DFT-based modeling of polypyrole/B12N12 nanocomposite for the photocatalytic applications

Boron-based nanocomposites considered as one of the most promising photocatalysts, have drawn significant attention in the degradation of pollutants in aquatic environments. In this regard, density functional theory calculations were carried out on the B12N12 nanocluster interacted with various lengths of (PPy)(n) oligomers (n = 3, 5, 7, and 9) to predict the optical, electronic, charge transfer properties as well as the optimum composition of obtained (PPy)(n)/B12N12 nanocomposites. It was found that the most stable nanocomposite corresponds to (PPy)(3)/B12N12, which was supported by its greatest adsorption energy (-59.460 kcal mol(-1)) in the gas phase. The calculations in the gas phase and water showed that water as a solvent has a key role in the interaction between B12N12 nanocluster and (PPy)(n) oligomers. The results revealed that the adsorption of (PPy)(9) oligomer on the B12N12 nanocluster leads to the highest reduction (similar to 2.672 eV) in the energy gap (E-g) value, while the lowest reduction (similar to 1.475 eV) was related to (PPy)(3)/B12N12 nanocomposite. Moreover, the natural bond orbital analysis showed that the charge flows from (PPy)(n) oligomers to the B12N12 nanocluster.
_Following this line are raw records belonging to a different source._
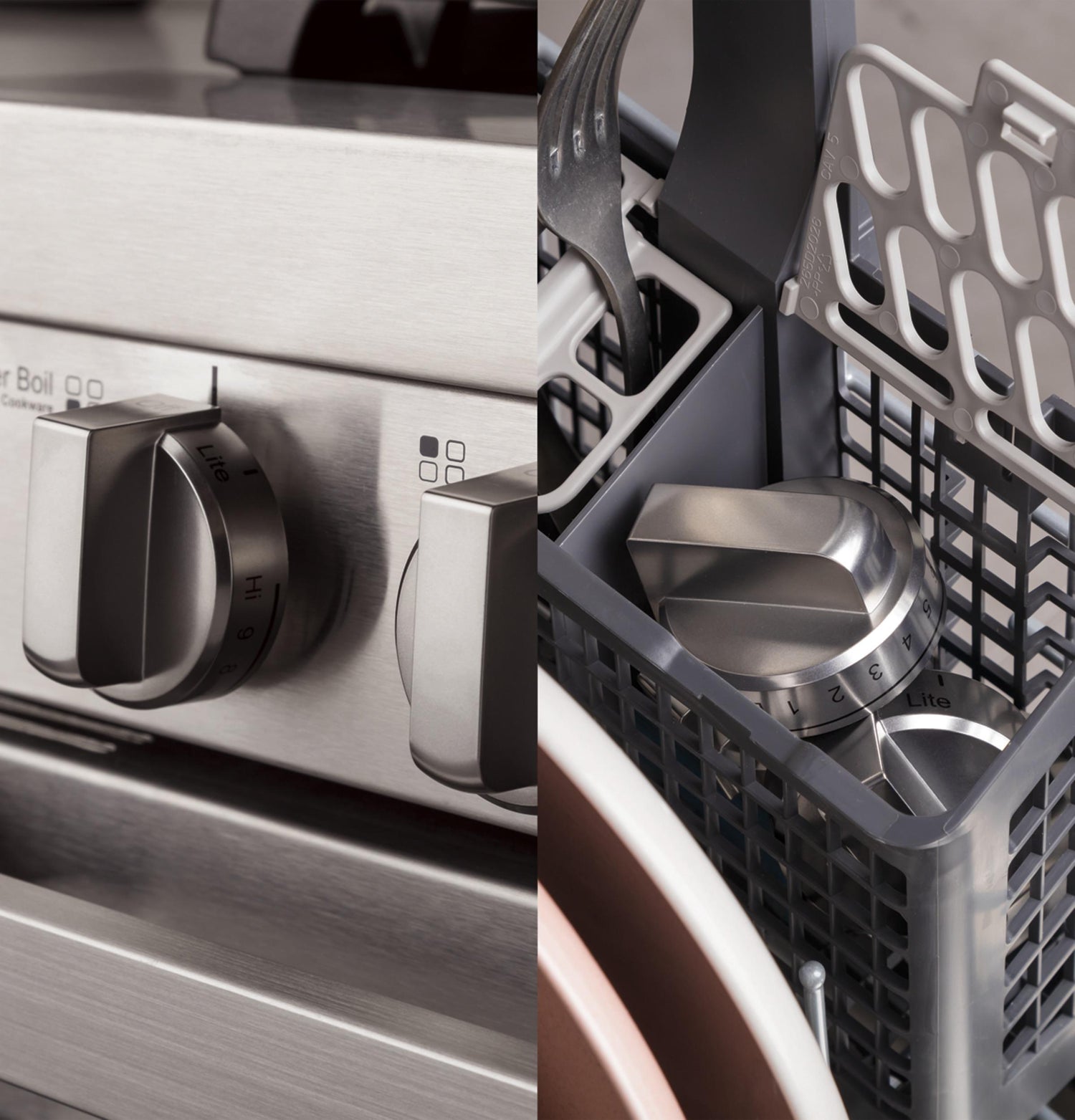 - Creative cooking can get messy. Dishwasher-safe knobs let you have fun in the kitchen, without the worry of a complicated cleanup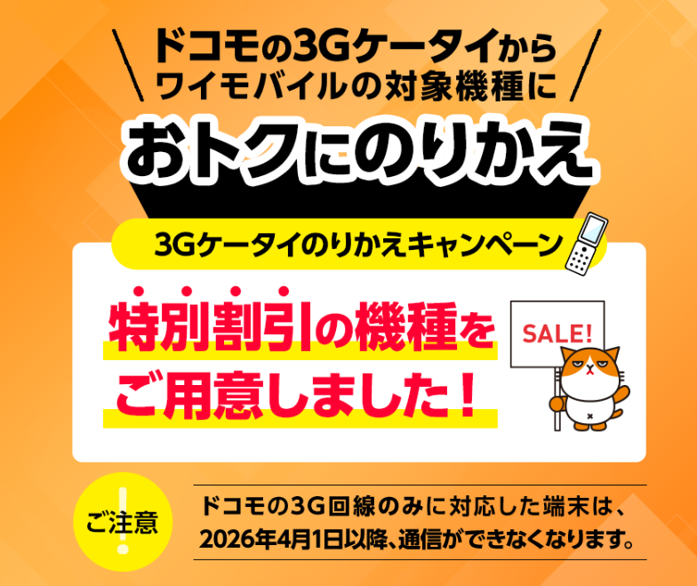 このキャンペーンは、現在NTTドコモの3G回線専用端末を利用しているユーザーが、ワイモバイルの「シンプル3 S/M/L」プランへ乗り換える際に適用されるものです。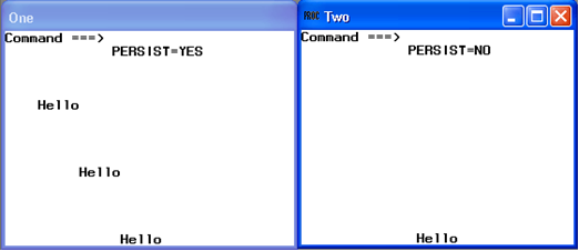 다음 예제는 PERSIST= 옵션을 설명한다. 현재 윈도우에서 커서를 위치시키고 ENTER를 눌러서 커서를 현재 위치에서 다른 곳으로 이동시킨다.

Polarizability (alpha(0)) and first hyperpolarizability (beta(0)) values revealed that the adsorption of (PPy)(9) oligomer on the surface of B12N12 nanocluster has the most considerable effect on the optical response of B12N12 nanocluster due to increasing the alpha(0) and beta(0) values about 492.49 and 5070.07 a.u, respectively. The UV-Vis spectra analysis showed that the (PPy)(9)/B12N12 nanocomposite has the highest bathochromic shift (similar to 245.39 nm) among other nanocomposites. Finally, quantum theory of atoms in molecules analysis showed that (PPy)(n) oligomers interact with B12N12 nanocluster through the partial covalent interactions.